A informação teria sido revelada na delação premiada do tenente coronel Mauro Cid, que afirma que o almirante Almir Garnier, da Marinha, teria sido o único entre os comandantes das três Forças a colocar as tropas à disposição do golpe de Bolsonaro – o brigadeiro Carlos Batista, da Aeronáutica, teria ficado calado.

A reação de Freire Gomes teria ocorrido no dia 24 de novembro quando, em reunião fora da agenda no Palácio do Planalto, Bolsonaro perguntou aos comandantes das três forças se estariam fechados com ele para contestar o resultado das urnas.

Garnier teria aderido prontamente.
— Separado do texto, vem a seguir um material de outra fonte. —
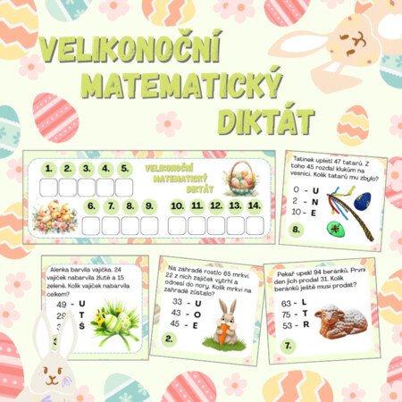 - 14 karet se slovními úlohami zaměřenými na sčítání a odčítání do 100.
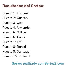 Lista de participantes: Cristian, Oss, Armando, Santiago, Emi, Yeltzin, Enrique, Daniel, Richard, Alexis.
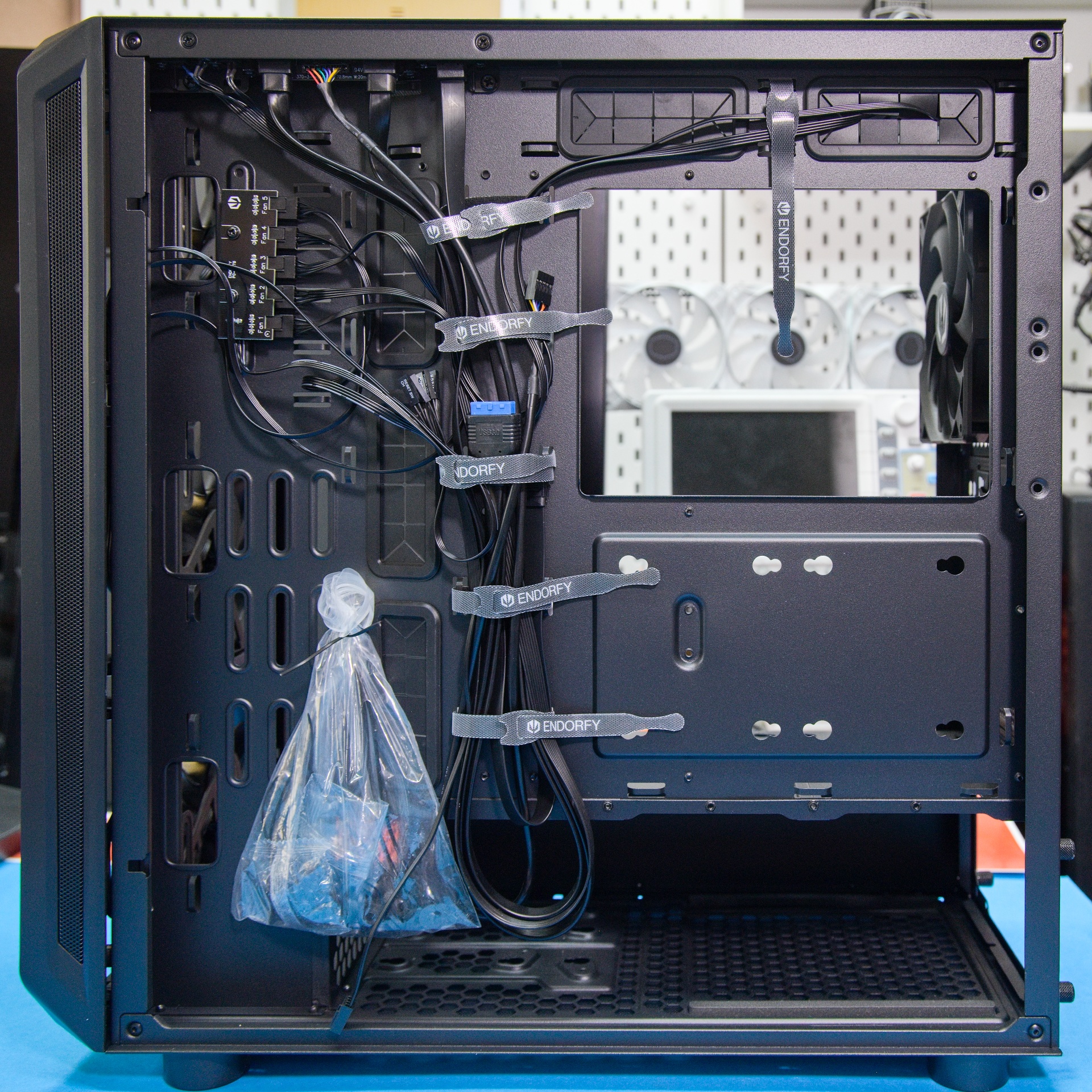 Tri veľké priechodky pre káble majú gumené tesniace kryty so šírkou 24 mm, takže nimi ľahko prevlečiete aj hrubšie káble či konektory. Ďalšie dve priechodky sú v hornej časti pod základnou doskou. V zadnej časti je pripravených šesť sťahovacích pások na čo najprehľadnejšie umiestnenie káblov.

Já Freire Gomes afirmou que não compactuava com o plano e foi além: “Se o senhor for em frente com isso, serei obrigado a prendê-lo”.

Segundo reportagem de Maria Cristina Fernandes, no Valor, o general tinha conhecimento de que não havia condições para o golpe dentro do Exército. Ele sabia que os comandantes do Sul (Fernando Soares), do Sudeste (Thomaz Paiva), do Leste (André Novaes) e do Nordeste (Richard Nunes) não apoiariam quaisquer aventuras golpistas de Bolsonaro.

Além disso, Freire Gomes estaria ciente de que um golpe dado por Bolsonaro não teria apoio dos Estados Unidos de Joe Biden, tanto de militares, quando de civis. Seis comitivas estadunidenses já teriam vindo ao Brasil em 2022 para dar esse recado a Bolsonaro e às Forças Armadas.

Favores a Bolsonaro

Na delação, Cid ainda teria revelado que Garnier aderiu ao golpe por dever favores a Bolsonaro. Ele foi alçado ao comando da Marinha pelo ex-presidente sem ter comandado nenhuma das esquadras da força – uma pré-condição para se chegar ao topo da carreira.

Garnier também teve a esposa Selma Foligne Crespio de Pinho contratada pelo governo de Jair Bolsonaro na Secretaria-Geral da Presidência poucos meses depois de se aposentar da Marinha, em abril de 2019.

Filho do casal, o advogado Almir Garnier Santos Junior foi contratado pela Engepron em 29 de julho de 2019, no segundo semestre do governo de Jair Bolsonaro, seis meses depois do pai ser alçado ao segundo posto de comando do Ministério da Defesa.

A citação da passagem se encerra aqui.